### INFORMATION SHOWN
• • • • •

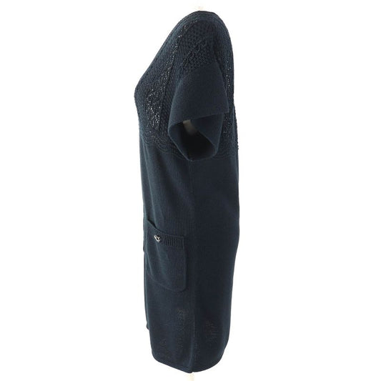 CHANEL P58547 100% Cotton Clear Coco Mark Button Openwork V-neck Knit Dress
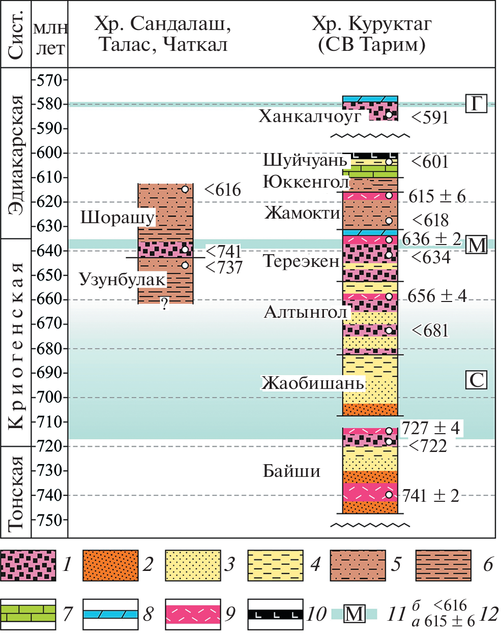 - Xu B., Xiao S.H., Zou H.B., Chen Y., Li Z.X., Song B., Liu D.Y., Zhou C.M., Yuan X.L. SHRIMP zircon U–Pb age constraints on Neoproterozoic Quruqtagh diamictites in NW China // Precambrian Res. 2009. V. 168. P. 247–258.
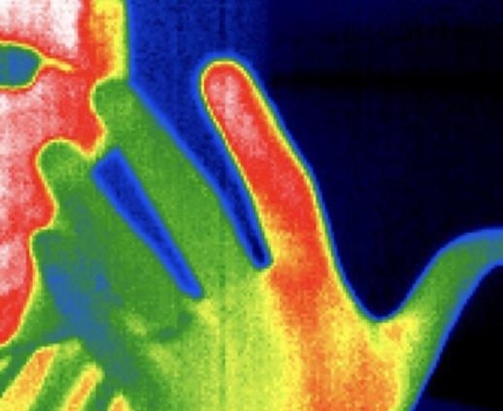 На фотографії вище у людини порізаний палець: у місці, де тіло бореться із збудником, температура зросла. А обличчя виглядає червоним, тому що там розташовується безліч активних м'язів, в яких весь час циркулює кров.
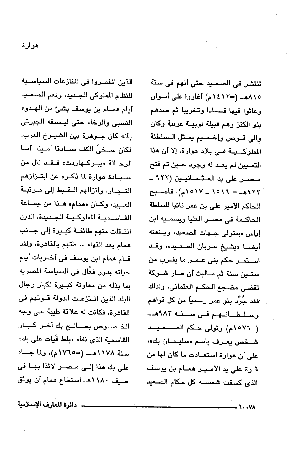 تنتشر فى الصعيد حتى أنهم فى سنة 815 هـ (= 1412 م) أغاروا على أسوان وعاثوا فيها فسادا وتخريبا ثم صدهم بنو الكنز وهم قبيلة نوبية عربية وكان والى قوص وإخميم يمثل السلطنة المملوكية فى بلاد هوارة، إلا أن هذا التعيين لم يعد له وجود حين تم فتح مصر على يد العثمانيين (922 - 923 هـ = 1516 - 1517 م)، فأصبح الحاكم الأمير على بن عمر نائبًا للسلطة الحاكمة فى مصر العليا ويسميه ابن إياس "بمتولى جهات الصعيد" وينعته أيضًا "بشيخ عربان الصعيد"، وقد استمر حكم بنى عمر ما يقرب من ستين سنة ثم مالبث أن صار شوكة تقضّ مضجع الحكم العثمانى، ولذلك فقد جُرِّد بنو عمر رسميًا من كل قواهم وسلطانهم فى سنة 983 هـ (= 1576 م) وتولى حكم الصعيد شخص يعرف باسم "سليمان بك"، على أن هوارة استعادت ما كان لها من قوة على يد الأمير همام بن يوسف الذى كسفت شمسه كل حكام الصعيد الذين انغمروا فى المنازعات السياسية للنظام المملوكى الجديد، ونعم الصعيد أيام همام بن يوسف بشئ من الهدوء النسبى والرخاء حتى ليصفه الجبرتى بأنه كان جوهرة بين الشيوخ العرب، فكان سخّى الكف صادقًا أمينًا، أما الرحالة "ببركهاردت" فقد نال من سيادة هوارة لما ذكره عن ابتزازهم التجار، وانزالهم القبط إلى مرتبة العبيد، وكان "همام" هذا من جماعة القاسمية المملوكية الجديدة، الذين انتقلت منهم طائفة كبيرة إلى جانب همام بعد انتهاء سلطتهم بالقاهرة، ولقد قام همام ابن يوسف فى أخريات أيام حياته بدور فعّال فى السياسة المصرية بما بذله من معاونة كبيرة لكبار رجال البلد الذين انتزعت الدولة قوتهم فى القاهرة، فكانت له علاقة طيبة على وجه الخصوص بصالح بك آخر كبار القاسمية الذى نفاه "بلط قَيات على بك" سنة 1178 هـ (= 1765 م)، ولما جاء على بك هذا إلى مصر لائذا بها فى صيف 1180 هـ استطاع همام أن يوثق
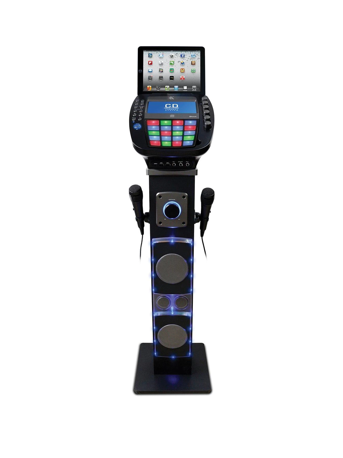 - Complete with disco lights, echo and balance key controls to enhance your whole singing experience.
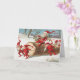 Funny vintage Christmas illustration of little white bearded gnomes dressed like Santa, dragging a cut tree trunk through the snow. Published by L. Prang & Co.
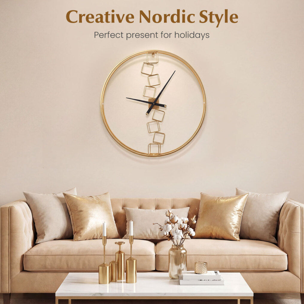 ● Nordic Style Design: Elevate your home's ambiance with this decorative wall clock featuring Nordic style blocks encased in a sleek metal frame. It inspires harmony and a sense of renewal in your space.
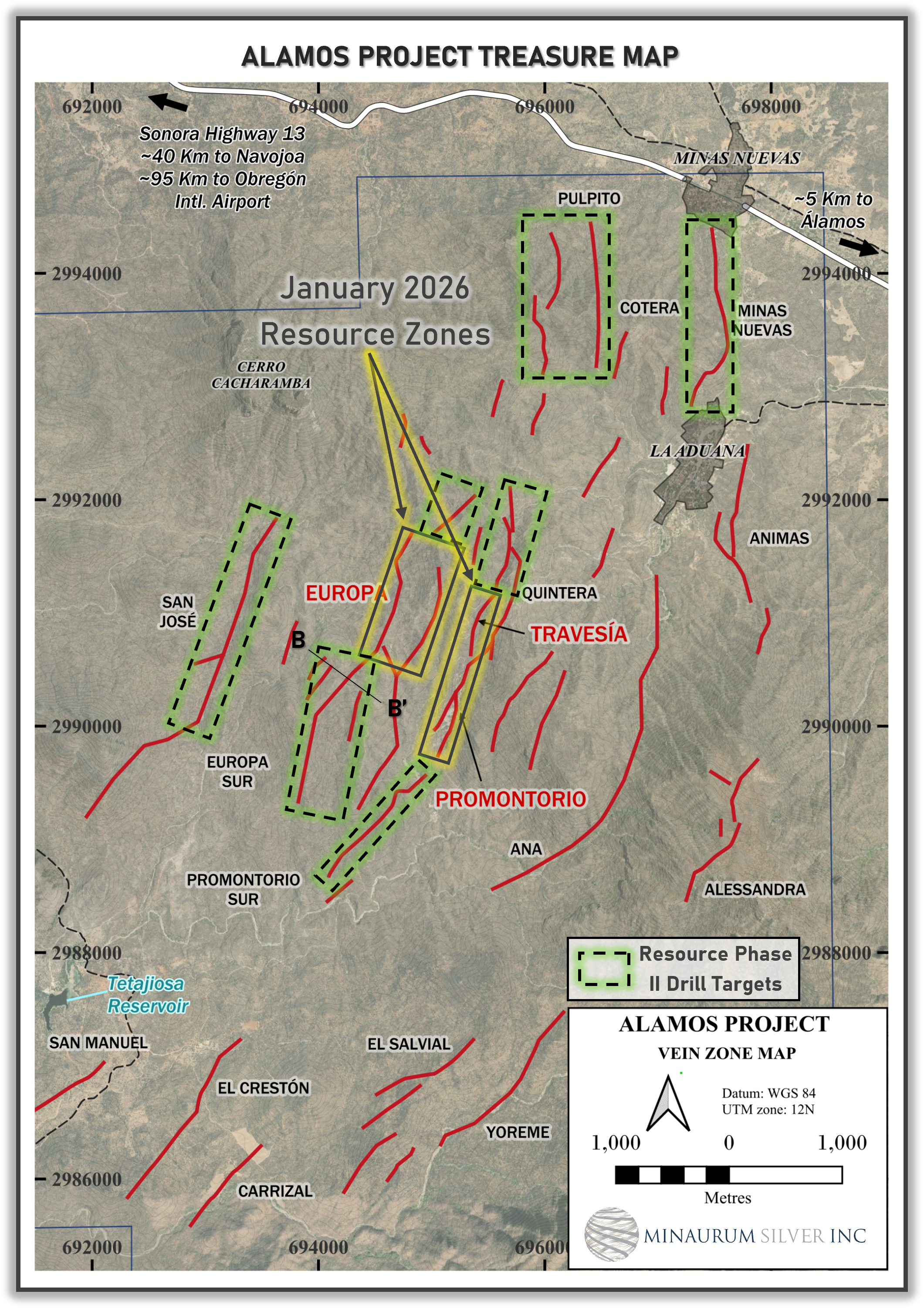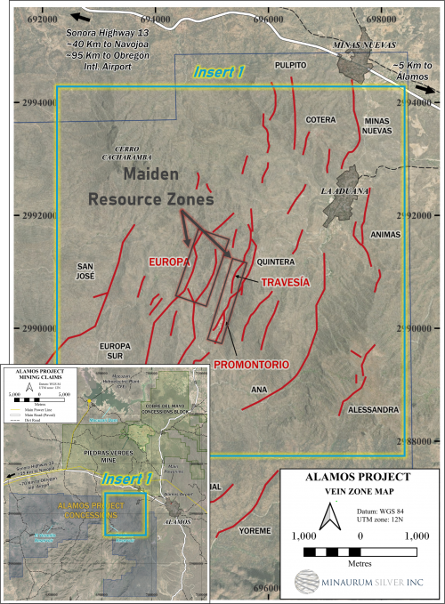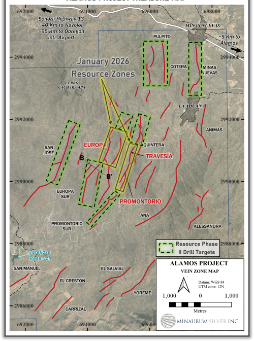 Alamos hosts an initial inferred resource estimate of 55 million ounces AgEq grading 320 g/t AgEq (see Minaurum news release dated January 28, 2026 and Resource section above) from just 3 of the 26 vein zones namely: Promontorio, Europa, and Travesia vein targets.
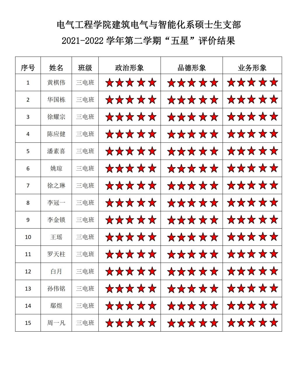 91黄色网站 建筑电气支部2021-2022学年第二学期“五星评价结果”
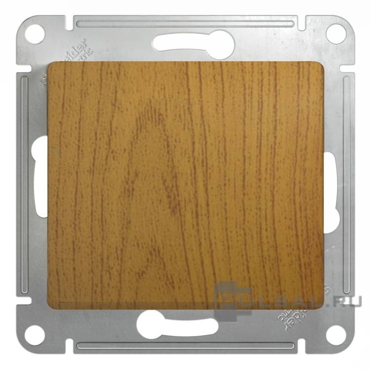 Выключатель с рамкой Glossa, одноклавишный, без подсветки, цвет - дуб
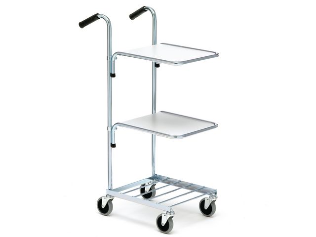 Hyllorna är steglöst ställbara i höjdled. Chassi i blankförzinkade 22 mm rör med rundade hörn. Gummerade körhandtag för ett bra grepp. Hyllskivorna är 12 mm tjocka och slitstarka och laminerade i ljusgrå färg.
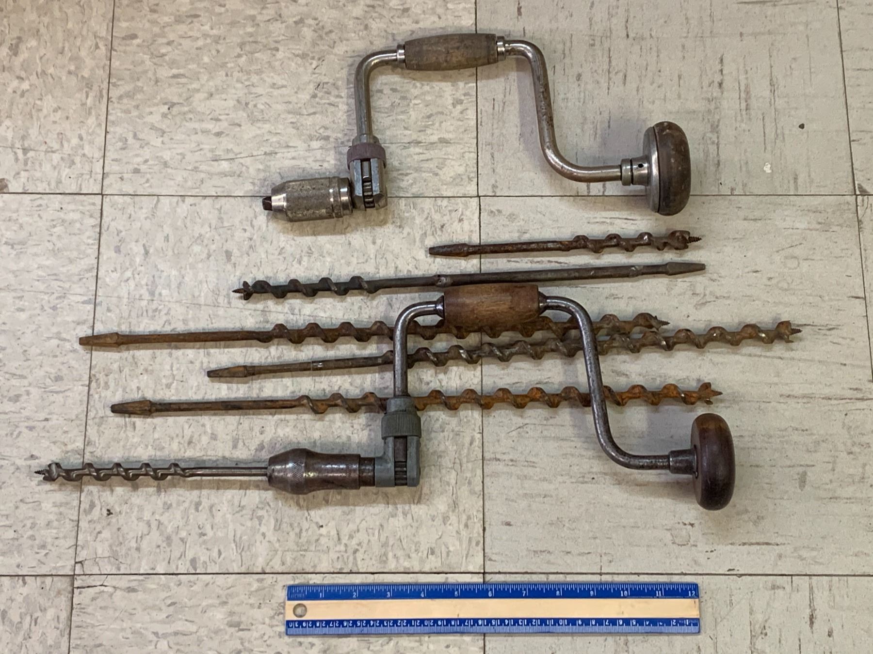 LOT OF ANTIQUE DRILLS AND BITS
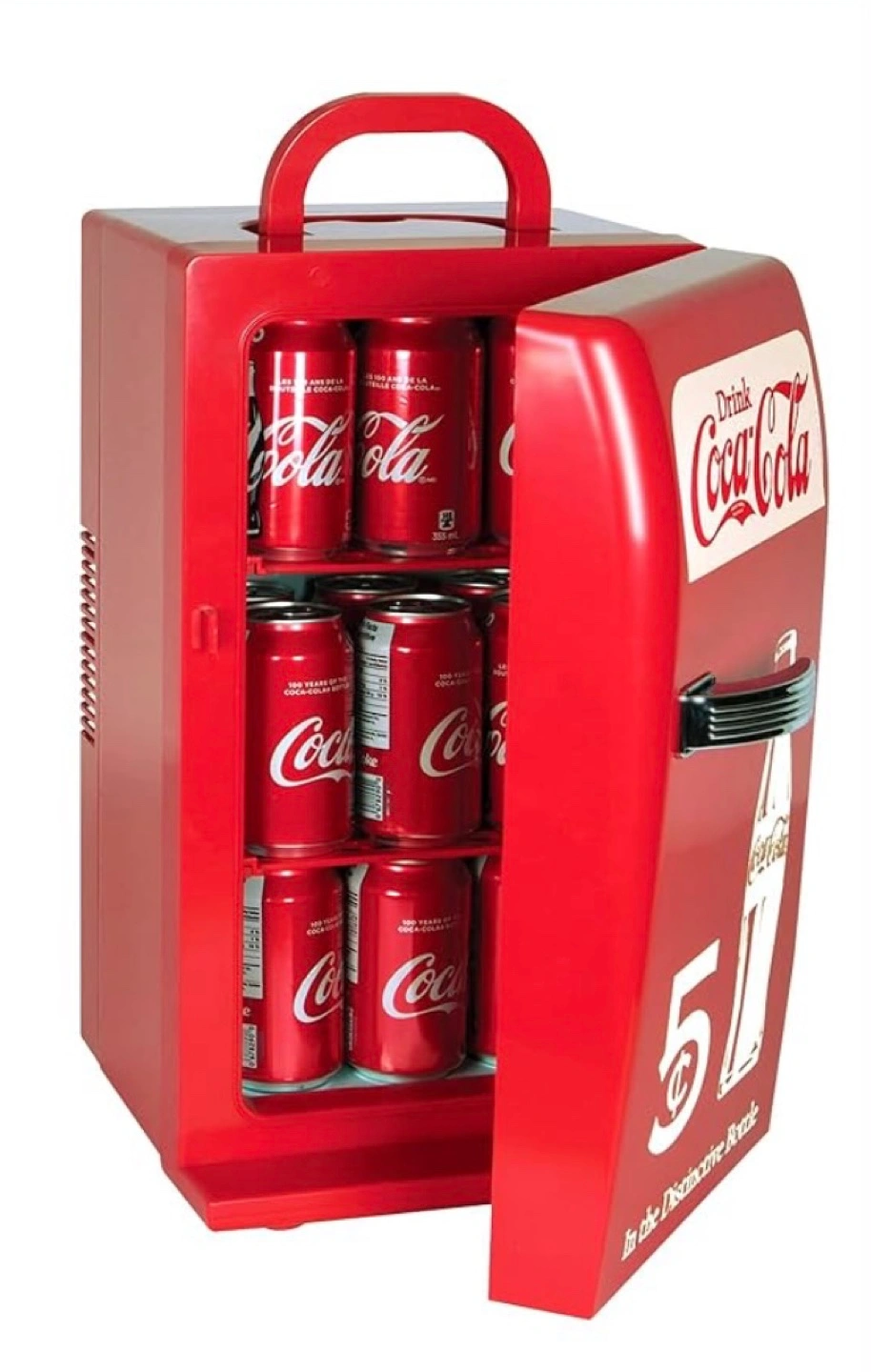 Generous 22L (23 qt) Capacity: This fun and functional mini fridge with two removable shelves holds up to 18 standard soft drink cans, making it the ideal beverage and snack fridge for a dorm, office, or games room.

• • • • •

### ABOUT THIS TASK
Leave out all images, then reproduce the entries above exactly.

### RESULT OF THE TASK
 CHANEL P58547 100% Cotton Clear Coco Mark Button Openwork V-neck Knit Dress
 - Xu B., Xiao S.H., Zou H.B., Chen Y., Li Z.X., Song B., Liu D.Y., Zhou C.M., Yuan X.L. SHRIMP zircon U–Pb age constraints on Neoproterozoic Quruqtagh diamictites in NW China // Precambrian Res. 2009. V. 168. P. 247–258.
 На фотографії вище у людини порізаний палець: у місці, де тіло бореться із збудником, температура зросла. А обличчя виглядає червоним, тому що там розташовується безліч активних м'язів, в яких весь час циркулює кров.
 تنتشر فى الصعيد حتى أنهم فى سنة 815 هـ (= 1412 م) أغاروا على أسوان وعاثوا فيها فسادا وتخريبا ثم صدهم بنو الكنز وهم قبيلة نوبية عربية وكان والى قوص وإخميم يمثل السلطنة المملوكية فى بلاد هوارة، إلا أن هذا التعيين لم يعد له وجود حين تم فتح مصر على يد العثمانيين (922 - 923 هـ = 1516 - 1517 م)، فأصبح الحاكم الأمير على بن عمر نائبًا للسلطة الحاكمة فى مصر العليا ويسميه ابن إياس "بمتولى جهات الصعيد" وينعته أيضًا "بشيخ عربان الصعيد"، وقد استمر حكم بنى عمر ما يقرب من ستين سنة ثم مالبث أن صار شوكة تقضّ مضجع الحكم العثمانى، ولذلك فقد جُرِّد بنو عمر رسميًا من كل قواهم وسلطانهم فى سنة 983 هـ (= 1576 م) وتولى حكم الصعيد شخص يعرف باسم "سليمان بك"، على أن هوارة استعادت ما كان لها من قوة على يد الأمير همام بن يوسف الذى كسفت شمسه كل حكام الصعيد الذين انغمروا فى المنازعات السياسية للنظام المملوكى الجديد، ونعم الصعيد أيام همام بن يوسف بشئ من الهدوء النسبى والرخاء حتى ليصفه الجبرتى بأنه كان جوهرة بين الشيوخ العرب، فكان سخّى الكف صادقًا أمينًا، أما الرحالة "ببركهاردت" فقد نال من سيادة هوارة لما ذكره عن ابتزازهم التجار، وانزالهم القبط إلى مرتبة العبيد، وكان "همام" هذا من جماعة القاسمية المملوكية الجديدة، الذين انتقلت منهم طائفة كبيرة إلى جانب همام بعد انتهاء سلطتهم بالقاهرة، ولقد قام همام ابن يوسف فى أخريات أيام حياته بدور فعّال فى السياسة المصرية بما بذله من معاونة كبيرة لكبار رجال البلد الذين انتزعت الدولة قوتهم فى القاهرة، فكانت له علاقة طيبة على وجه الخصوص بصالح بك آخر كبار القاسمية الذى نفاه "بلط قَيات على بك" سنة 1178 هـ (= 1765 م)، ولما جاء على بك هذا إلى مصر لائذا بها فى صيف 1180 هـ استطاع همام أن يوثق
 - Complete with disco lights, echo and balance key controls to enhance your whole singing experience.
 Funny vintage Christmas illustration of little white bearded gnomes dressed like Santa, dragging a cut tree trunk through the snow. Published by L. Prang & Co.
 ● Nordic Style Design: Elevate your home's ambiance with this decorative wall clock featuring Nordic style blocks encased in a sleek metal frame. It inspires harmony and a sense of renewal in your space.
 Alamos hosts an initial inferred resource estimate of 55 million ounces AgEq grading 320 g/t AgEq (see Minaurum news release dated January 28, 2026 and Resource section above) from just 3 of the 26 vein zones namely: Promontorio, Europa, and Travesia vein targets.
 91黄色网站 建筑电气支部2021-2022学年第二学期“五星评价结果”
 Выключатель с рамкой Glossa, одноклавишный, без подсветки, цвет - дуб
 Hyllorna är steglöst ställbara i höjdled. Chassi i blankförzinkade 22 mm rör med rundade hörn. Gummerade körhandtag för ett bra grepp. Hyllskivorna är 12 mm tjocka och slitstarka och laminerade i ljusgrå färg.
 LOT OF ANTIQUE DRILLS AND BITS
 Generous 22L (23 qt) Capacity: This fun and functional mini fridge with two removable shelves holds up to 18 standard soft drink cans, making it the ideal beverage and snack fridge for a dorm, office, or games room.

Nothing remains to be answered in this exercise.